16.2 The place of compliance with the obligations derived from these general conditions will be the registered office of DAHLBERG, SA
16.3 Expressly waiving any jurisdictional jurisdiction that may apply to them, the parties submit to the Courts and Tribunals of Palma de Mallorca for the resolution of any contentious issues that affect the interpretation, application and fulfillment of the contracts for the provision of services, sales and supplies concluded between DAHLBERG, SA and its clients and these general conditions.
17.- Returns
Those products purchased by customers that are subject to return, despite their correct functioning, will comply with the following rules:
-Returns will not be accepted if the order has been made especially for the customer, and this has been previously indicated to the customer.
-The packs are indivisible, therefore partial returns are not accepted.
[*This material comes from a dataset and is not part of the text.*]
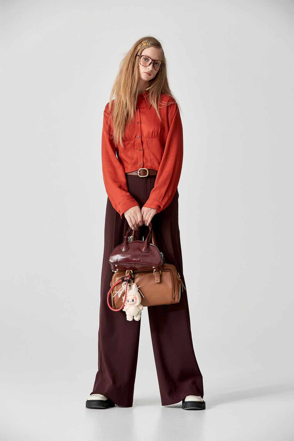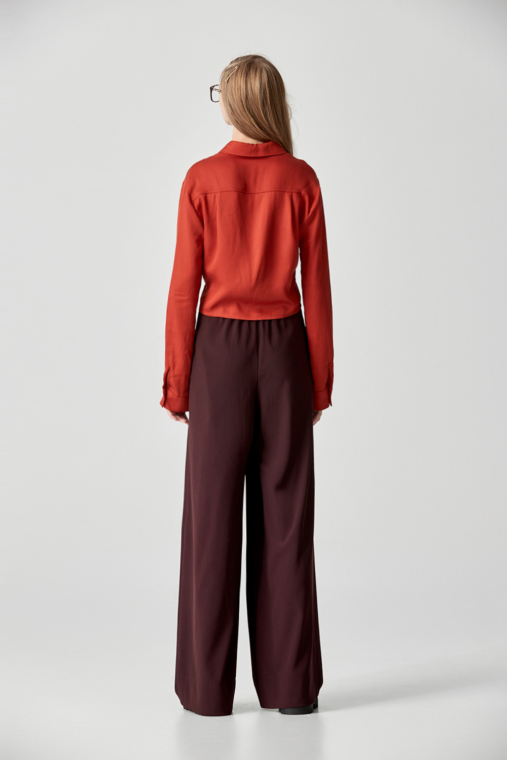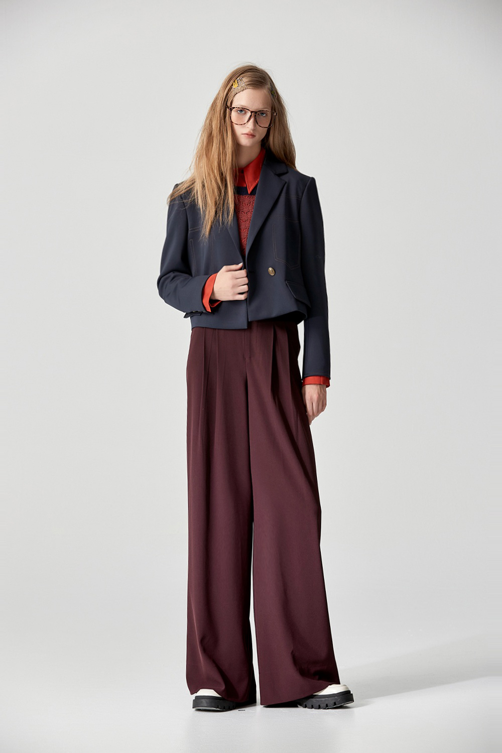 魅惑深紅修身抓褶褲 - 耀眼赤紅, 40

-The acceptance of the return will be subject to prior inspection of the material by qualified personnel of DAHLBERG, SA
-The returned products must be conveniently packaged in their original packaging, without damaging or sealing it, and sent, postage paid, clearly specifying the return number, to the following address:
DAHLBERG, SA
Gremi Passamaners, 8, ship 12
Son Rossinyol industrial estate
07009 Palma de Mallorca, Balearic Islands
-To accept said return, DAHLBERG, SA, reserves the right to apply a reduction in the amount of the payment of 20% on the sales price applied. The product will not be accepted if it shows signs of deterioration or obvious misuse, or if it has lost market value due to the time elapsed, the material will not be credited.
-The refund amount will not be returned to the customer, you can only choose to exchange it for another material or as a payment on account for future operations.
18.- Reception of the merchandise
It is an essential condition that at the time of receipt of the merchandise, any incident that may exist in the state of the packaging is indicated on the delivery note that is signed to the carrier, and it is essential to communicate said incident to Dahlberg, SA within the period of 24 hours from receipt of the merchandise.